"""

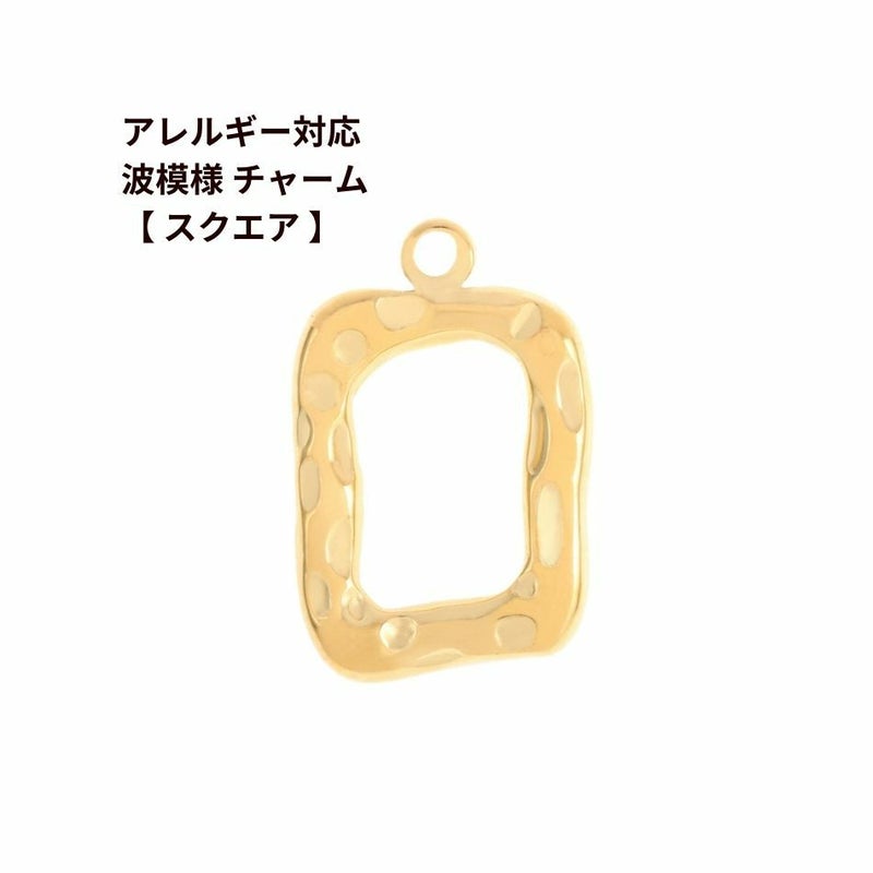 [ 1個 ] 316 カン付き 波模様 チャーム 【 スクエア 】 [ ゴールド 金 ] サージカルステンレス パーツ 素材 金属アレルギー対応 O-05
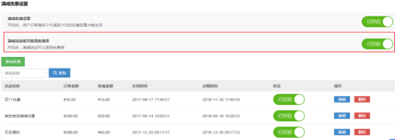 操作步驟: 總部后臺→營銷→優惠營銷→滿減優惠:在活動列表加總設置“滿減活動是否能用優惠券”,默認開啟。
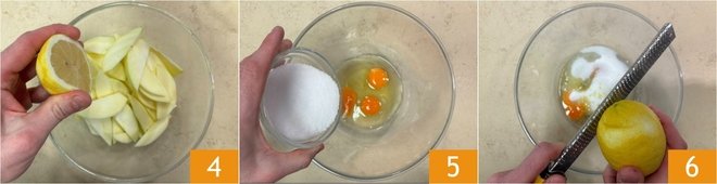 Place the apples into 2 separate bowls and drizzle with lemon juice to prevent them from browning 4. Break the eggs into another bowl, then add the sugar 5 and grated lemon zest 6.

"""

• **Prompt**
An exact copy of the listing above, minus its pictures, is what is needed here.

• **Answer box**
 [ 1個 ] 316 カン付き 波模様 チャーム 【 スクエア 】 [ ゴールド 金 ] サージカルステンレス パーツ 素材 金属アレルギー対応 O-05
 操作步驟: 總部后臺→營銷→優惠營銷→滿減優惠:在活動列表加總設置“滿減活動是否能用優惠券”,默認開啟。
 Place the apples into 2 separate bowls and drizzle with lemon juice to prevent them from browning 4. Break the eggs into another bowl, then add the sugar 5 and grated lemon zest 6.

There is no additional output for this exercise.